Six months after the founding of Arte Sana, it was invited by Mujeres Unidas / Women Together to offer a full-day Spanish language training on sexual assault issues to a group of promotoras in Weslaco, Texas, on September 11, 2001. Seeing the need and great potential to reach the growing number of under served Latin@s and offer support to impoverished border regions with limited sexual assault programs, Arte Sana authored and received Victims' Assistance Discretionary Grant funding for the ‘Capacitadoras en Acción' (trainers in action) project, one of the first bilingual sexual assault training projects of its kind in the nation.  

The Capacitadoras en Acción (Trainers in Action) project was Arte Sana's first state-funded project. Funded by a Victim's assistance Discretionary Grant from Office of the Attorney General Office of Texas, its goal was to provide training to adult Latinas, promotoras, as well as other social service professionals, so that they may share information about sexual assault, intimate partner violence, and local victim service programs within Latino communities. The “Acción” or "Action" part of Capacitadoras en Acción (Trainers in Action) focused on enabling real change by training those who would be able to make a difference.

This project addressed the personal safety needs of Spanish-speaking immigrant Latinas from some of the poorest communities along the Texas/Mexico border. The project's aim was for Latino border communities to become active participants and partners in promoting safety and awareness on gender-based violence issues.

While identified as a statewide project, it primarily served the Texas-Mexico border and one of its primary target beneficiaries was the promotora or Community Health Worker.

Accomplishments

Through this project Arte Sana was able to put in over 6000 miles of border-related travel so 1,116 border region advocates, allied professionals and community members could be trained through presentations on sexual assault issues, a border conference in collaboration with the Office of Border Health in Laredo, a border region video conference, and many regional training and community education events in a period of 16 months.

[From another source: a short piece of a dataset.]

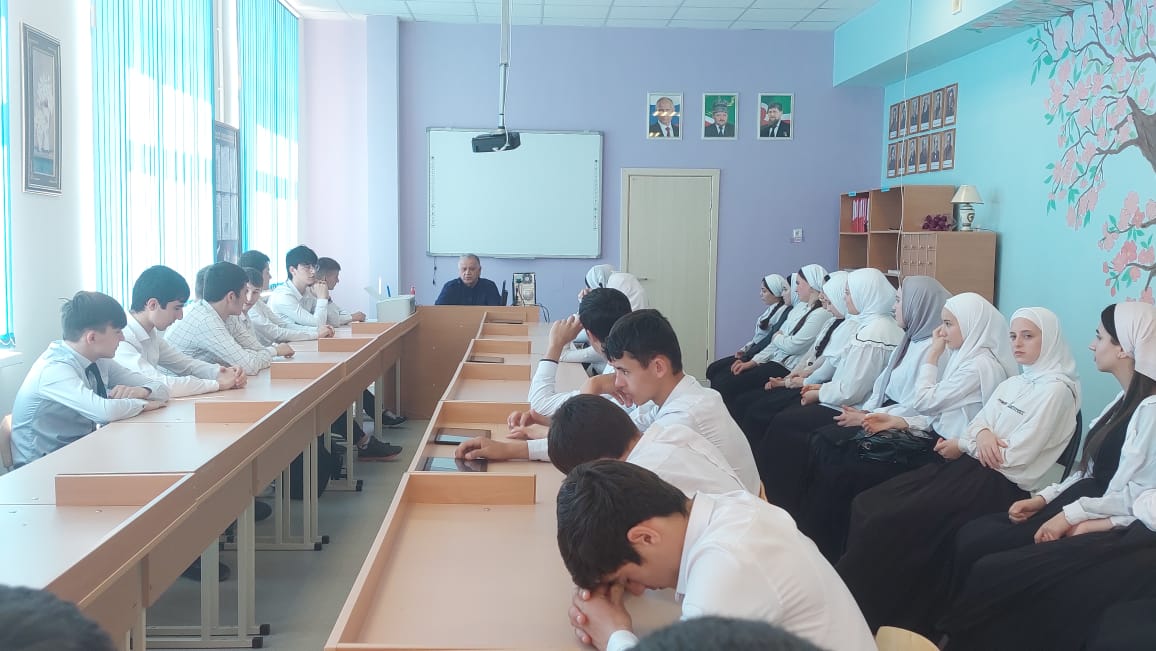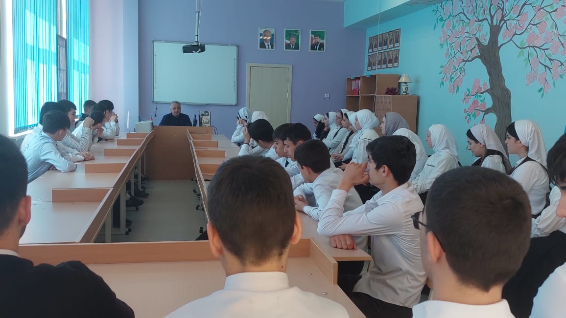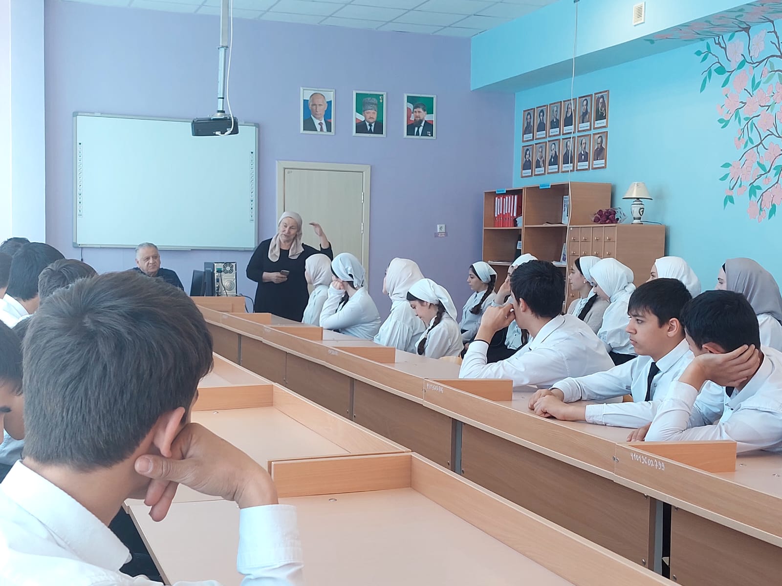 25.04.202225 апреля 2022 года в школе прошла II Всероссийская акция «Поделись своим знанием. Новые горизонты». Цель акции — показать школьникам, что трудности не мешают находить возможности для развития, а иногда даже помогают. Именно так добились успеха многие ученые, государственные деятели, люди творческих профессий и известные предприниматели. В школу, для выступления в качестве спикера был приглашён заслуженный учитель ЧР, главный специалист рессовета профсоюза образования ЧР по Курчалоевскому району Хошумов Им-Али Сайд-Магомедович. Торжественное открытие акции состоялось в режиме онлайн 25 апреля 2022 года в 10:00 по Москве по прямой трансляции.С приветственным словом выступил Первый заместитель руководителя Администрации Президента РФ Сергей Владиленович Кириенко, также первую лекцию провел министр просвещения РФ Сергей Сергеевич Кравцов.После онлайн- выступления прошел урок на котором Хошумов И.С. поделился с ребятами актуальными знаниями и опытом, рассказал о перспективах научной деятельности, культуры и искусства, физической культуры и спорта, новых профессий и других направлениях развития, подсказал как достигнуть успеха в быстро меняющихся условиях окружающего мира.

The workshop offered in October 2002 at Southwest Texas Community College in Uvalde led to the campus officials adding sexual assault as a topic for freshmen orientations.
A Train-the-Trainer Session was offered in Crystal City, Texas on May 29 – 31, 2003, in collaboration with Wintergarden Women's Shelter Inc.
Over 192 border region substance abuse professionals participated in a video conference co-sponsored by the Texas Commission on Alcohol and Drug Abuse (TCADA)
The Victim Advocacy Sin Fronteras Conference was held on June 27, 2003 in Laredo, Texas.

Of the 53 scholarships awarded, 33 were specifically for promotoras who work in the following Colonias*:

Los Obispos
Santa Rita
Santa Fe
Rio Bravo
El Cenizo
Larga Vista
Quad City Community Centers and others

* Texas has the largest number of colonias and the largest colonia population. Over 400,000 people live in more than 1,400 colonias that are found within a 1,000 mile stretch of the border, primarily between Brownsville and El Paso.

The Texas counties of Star, Maverick, and Zavala are three of the ten poorest in the country. (Source: Colonias in Texas, General Characteristics of Texas Colonias www.hud.gov/texcol.cfm )

The Capacitadoras en Acción Project Partners

Women Together / Mujeres Unidas
Wintergarden Women's Shelter Inc.
LaSalle County Sheriff
Seco Mines Community Center
Southwest Texas Jr. College
Texas Health and Human Services Commission Office of Border Health
Texas A&M International University (TAMIU)
The Association for Advancement of Mexican Americans (AAMA)
Texas A&M University Center for Housing and Urban Development (TAMU CHUD)

Arte Sana receives national and bi-national recognition for its initiatives along the Texas-Mexico border

0n April 3, 2003, the Capacitadoras en Accion component of Arte Sana's programs was showcased by the Centers for Disease Control and Prevention in a national interactive satellite broadcast: “Sexual Violence Prevention: Building Leadership and Commitment to Underserved Communities.”

In 2004, Arte Sana received recognition for its “outstanding leadership and commitment to the Healthy Border 2010” by the United States-Mexico Border Health Commission.